Forest$add_constant(constant_value)

Arguments

constant_value: Value that will be added to every leaf of every tree

Method `multiply_constant()`

Multiply every leaf of every tree by a constant value. If leaves are multi-dimensional, constant_multiple will be multiplied through every dimension of the leaves.

Usage

Forest$multiply_constant(constant_multiple)

Arguments

constant_multiple: Value that will be multiplied by every leaf of every tree

Method `predict()`

Predict forest on every sample in forest_dataset

Usage

Forest$predict(forest_dataset)

Arguments

forest_dataset: ForestDataset R class

Returns

vector of predictions with as many rows as in forest_dataset

Method `predict_raw()`

Predict "raw" leaf values (without being multiplied by basis) for every sample in forest_dataset

Usage

Forest$predict_raw(forest_dataset)

Arguments

forest_dataset: ForestDataset R class

Returns

Array of predictions for each observation in forest_dataset and each sample in the ForestSamples class with each prediction having the dimensionality of the forests' leaf model. In the case of a constant leaf model or univariate leaf regression, this array is a vector (length is the number of observations). In the case of a multivariate leaf regression, this array is a matrix (number of observations by leaf model dimension, number of samples).

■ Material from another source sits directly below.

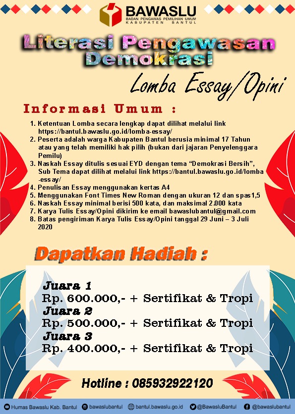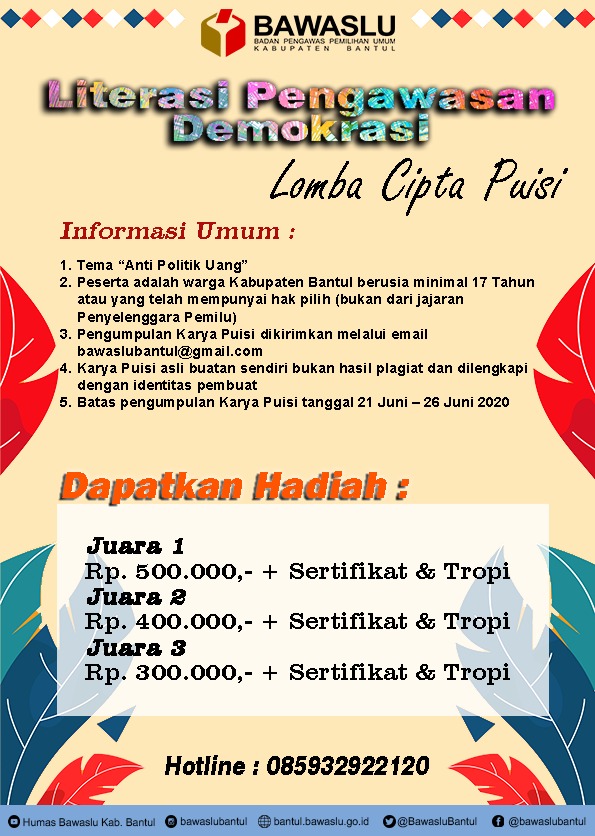 Bawaslu Bantul Adakan Lomba Cipta Puisi dan Essay/Opini humas | Rabu, Mei 20, 2020 - 14:57 Tag Berita Utama Pengumuman Share Berita Terkini humas Senin, Desember 15, 2025 - 09:07 Bersiap Menuju WBK dan WBBM, Bawaslu Bantul Lakukan Studi Tiru Zona Integritas ke Kemenag Bantul humas Rabu, Desember 10, 2025 - 17:04 Pastikan Data Pemilih Akurat, Bawaslu Bantul Awasi Pleno PDPB TW IV Tahun 2025 humas Rabu, Desember 10, 2025 - 16:58 Perkuat Pengelolaan Arsip, Bawaslu Bantul Gandeng Dispusip Bantul Adakan Sosialisasi Kearsipan Lihat Lainnya

Method `set_root_leaves()`

Set a constant predicted value for every tree in the ensemble. Stops program if any tree is more than a root node.

Usage

Forest$set_root_leaves(leaf_value)

Arguments

leaf_value: Constant leaf value(s) to be fixed for each tree in the ensemble indexed by forest_num. Can be either a single number or a vector, depending on the forest's leaf dimension.

Method `prepare_for_sampler()`

Set a constant predicted value for every tree in the ensemble. Stops program if any tree is more than a root node.

Usage

Forest$prepare_for_sampler(
  dataset,
  outcome,
  forest_model,
  leaf_model_int,
  leaf_value
)

Arguments

dataset: ForestDataset Dataset class (covariates, basis, etc...)
outcome: Outcome Outcome class (residual / partial residual)
forest_model: ForestModel object storing tracking structures used in training / sampling
leaf_model_int: Integer value encoding the leaf model type (0 = constant gaussian, 1 = univariate gaussian, 2 = multivariate gaussian, 3 = log linear variance).
leaf_value: Constant leaf value(s) to be fixed for each tree in the ensemble indexed by forest_num. Can be either a single number or a vector, depending on the forest's leaf dimension.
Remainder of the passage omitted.